Marin Elisabeth Skidmore, Kaitlyn M. Sims, Lisa L. Rausch, Holly K. Gibbs

Research output: Contribution to journalArticlepeer-review


The cattle industry in the Brazilian Amazon causes vast deforestation while producing at only one-third of the sustainable capacity. Slaughtering cattle at a younger age directly increases production per hectare per year, all else equal, and provides a potential path for sustainable intensification. Here we show that slaughter age is decreasing in the Amazon biome, but this increase in productivity varies across space and throughout the cattle supply chain. We characterize the properties and municipalities that have reduced slaughter age, providing insights into the incentives and barriers to this form of intensification.
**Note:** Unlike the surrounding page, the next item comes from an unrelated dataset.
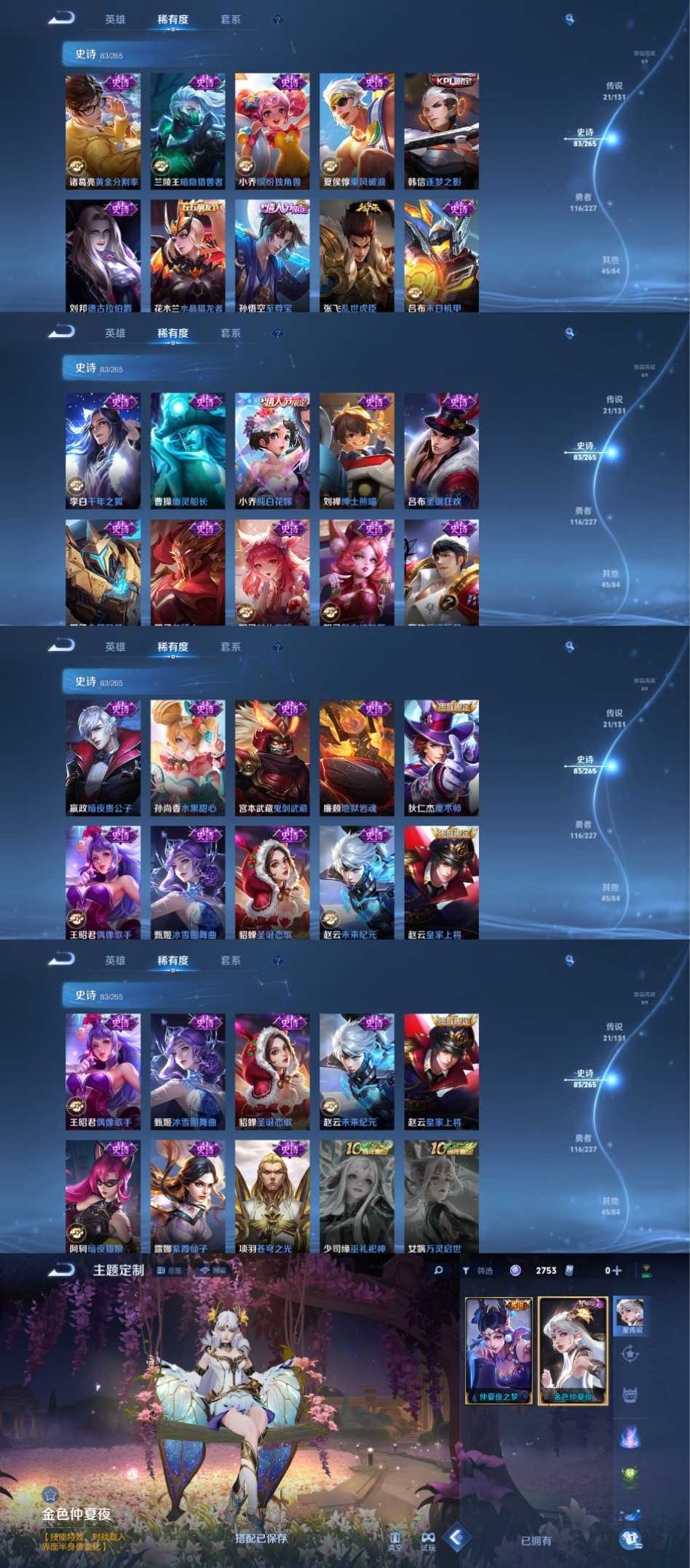 限制: 租号2次及以上 | 撤单率<49%才可租用此帐号装备描述:时间到了还登录白玩或者顶号全部改密拉黑处理永不解除,顶号机器会秒禁玩改密,顶号不仅拉黑还没得玩,赚三两块不容易,请理解谢谢。 ❤❤❤❤❤❤❤❤❤❤❤❤❤❤❤ 请勿开挂,挂机,送头,骂人,撤单后游戏等如有违规永久拉黑永不解除。 重置二级密码不要费劲了,号主每天都会上号查看,多行不义必自毙,人在做天在看,多做好事多自律,少做缺德事。 该号英雄127个皮肤267个,典藏1个,无双1个,星传说1个,传说21个,史诗83个,祝你游戏愉快~

Most notably, reductions in slaughter age occurred in regions with low remaining forest cover and on properties with little current deforestation, suggesting that ranchers intensify via slaughter age as an alternative to deforestation. We then estimate how changing production practices to reduce slaughter age can reduce enteric methane emissions, accounting for production of additional feed. Our results indicate that reducing slaughter age through improved pasture and feed sources are a path to lower global GHG emissions from cattle production, particularly as beef is increasingly produced in developing countries with historically higher emissions. Yet in the Amazon, deforestation remains the leading source of GHG emissions, necessitating that any effort to reduce slaughter age must be coupled with strict enforcement of zero-deforestation policy. Our findings demonstrate the potential of policy limiting deforestation as a means to reduce both emissions from deforestation and enteric emissions from cattle.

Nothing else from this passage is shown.